Manuel : En tout cas, c’était espéré. Tu ne sais jamais. J’ai vu beaucoup trop d’artistes être persuadés d’avoir raison contre vents et marées, faire des combats qu’ils n’étaient pas capables de mener, faire des mauvais disques en étant persuadés que c’est eux qui avaient raison, etc. Finalement, il n’y a qu’une chose qui compte à la fin. Il y a des disques qui sont sortis il y a vingt ans qui ont eu un énorme succès et si on les sortait aujourd’hui, ça ne marcherait pas, et inversement. Il y a un timing dans la création artistique qui fait que quelque chose qui peut sonner très bien à tes oreilles peut être complètement ringard à celles d’un autre. The Old Dead Tree est un groupe qui demande énormément d’énergie. Il y a un travail dans la composition qui est très énergivore, c’est-à-dire que nous nous investissons dans le moindre détail. Il y a très peu de place pour le rock n’ roll dans notre musique. Donc se donner tant de mal, juste pour se satisfaire soi-même… Si on ne trouve pas derrière un public avec lequel partager ça, on perd quand même une grande partie du plaisir. C’était donc ni surprenant, ni pas surprenant, c’était ce pour quoi nous avions travaillé. C’est vrai que la pluie a été un petit plus, mais en arrivant au Hellfest, nous savions, par exemple, que le label était confiant. Maintenant, nous travaillons avec Base Productions qui est un gros tourneur qui s’occupe de Meshuggah, de Devin Townsend, etc. et qui avait aussi envie de travailler avec nous. Nous étions donc déjà sur un niveau de confiance dans ce que nous allions proposer qui était important.

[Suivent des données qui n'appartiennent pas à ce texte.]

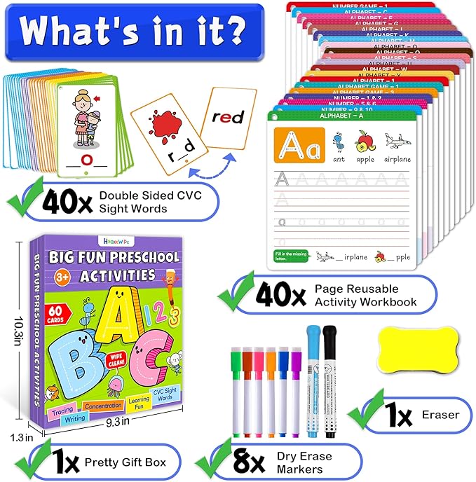 - Alphabet Learning Toys: This busy book set includes a 40-page reusable preschool workbook, 40 double-sided sight words flash cards kindergarten, 8 dry erase markers. Letters A - Z, spelling words, numbers 1 - 12, and many other learning themed activities designed for toddlers and children 3-6 to promote fine motor skills, letter and number recognition, and early word writing and spelling skills
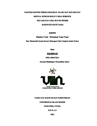 KHAIRIYAH, KHAIRIYAH (2023) FAKTOR-FAKTOR PERSELINGKUHAN SUAMI DAN KETAHANAN MENTAL ISTRI DI DUSUN V DESA PERUPUK KECAMATAN LIMA PULUH PESISIR KABUPATEN BATU BARA. Skripsi thesis, State Islamic University of North Sumatra.
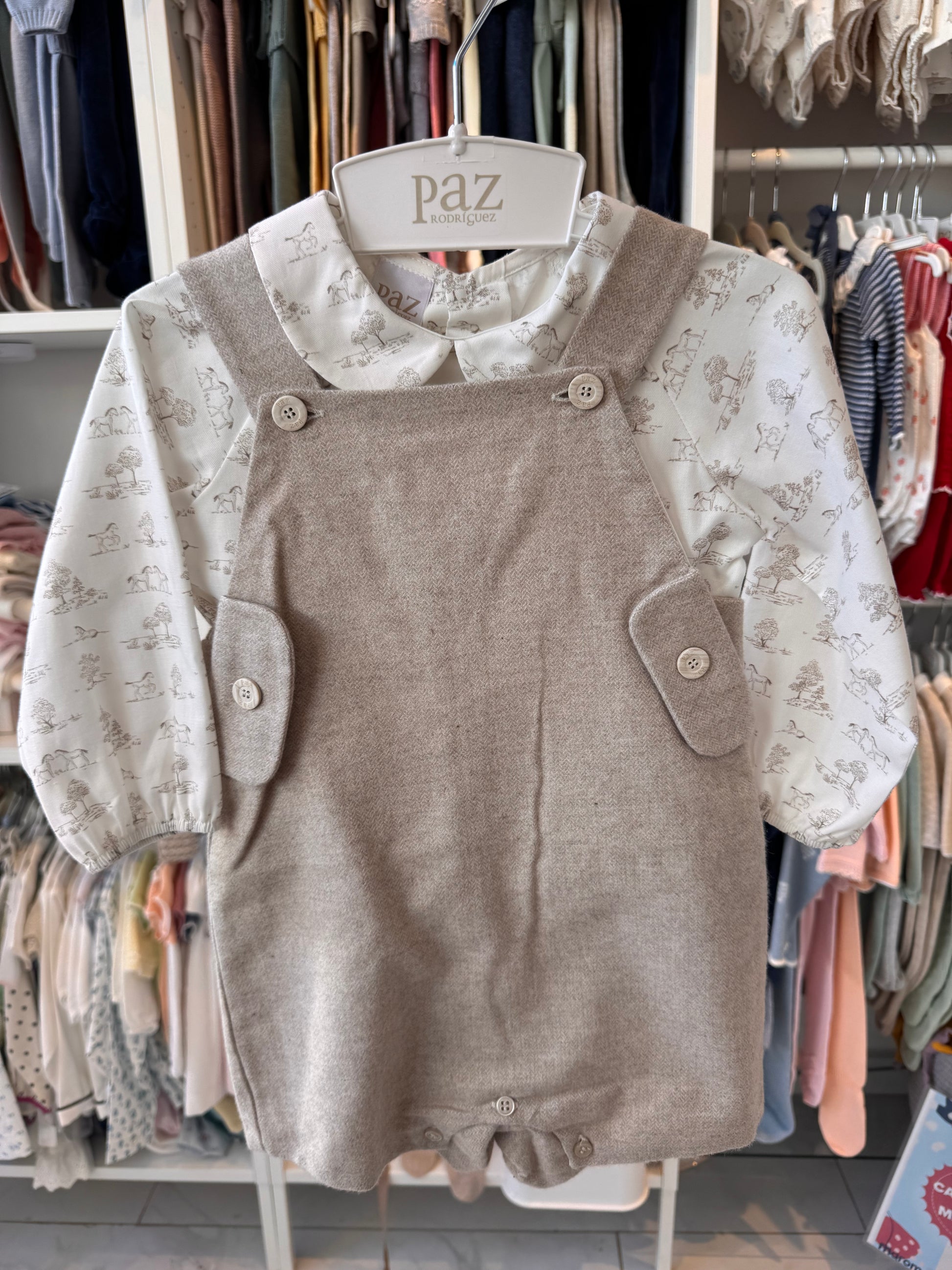 Divino peto en color cafe claro con camisa blanco y detalles de ponys, super linda y elegante combinación.
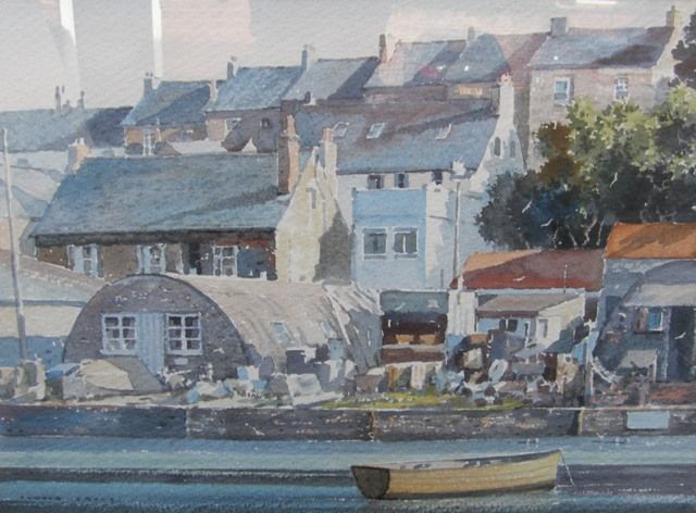 | Houses above Island Street, Salcombe, a tied dingy before nissen hut and the backs of Victorian cottages | |
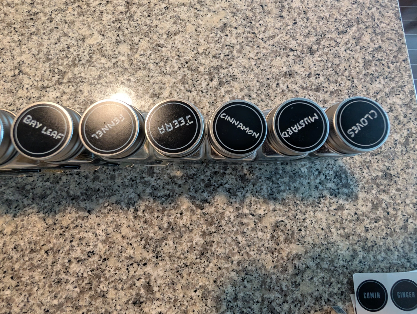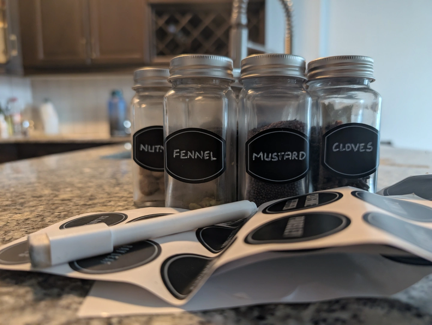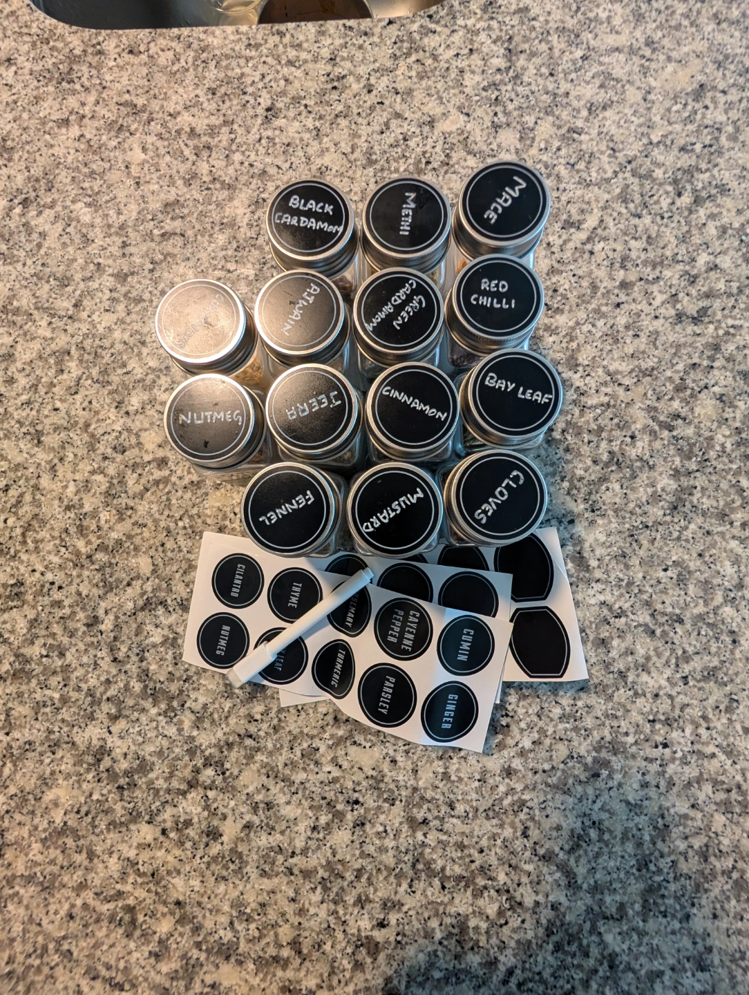 Set of empty spice jars with chalkboard labels. Great for organizing your spices. Includes extra labels and marker.

« Dans le premier chapitre du groupe, nous avions énormément d’idées, mais très peu de moyens pour les concrétiser. Cette fois, nous avons pu vraiment nous ‘lâcher’. »
Vous avez tous eu des projets différents pendant la période de séparation. Raphaël [Antheaume] était dans Penumbra, Gilles [Moinet] a repris Lux Incerta, Nicolas tu étais dans Ommatidia, et toi Manuel bien sûr dans Arkan. Lorsque nous avons eu Gilles en interview, il est revenu assez longuement sur les années The Old Dead Tree en parlant de l’aspect professionnel, tiré aussi par les aspirations que vous aviez pour ce projet. Avez-vous eu l’impression d’avoir eu un « nouveau groupe » en quelque sorte, avec un niveau bien différent de la part de chaque musicien, quand vous vous êtes remis à la composition et à l’enregistrement de cet album ?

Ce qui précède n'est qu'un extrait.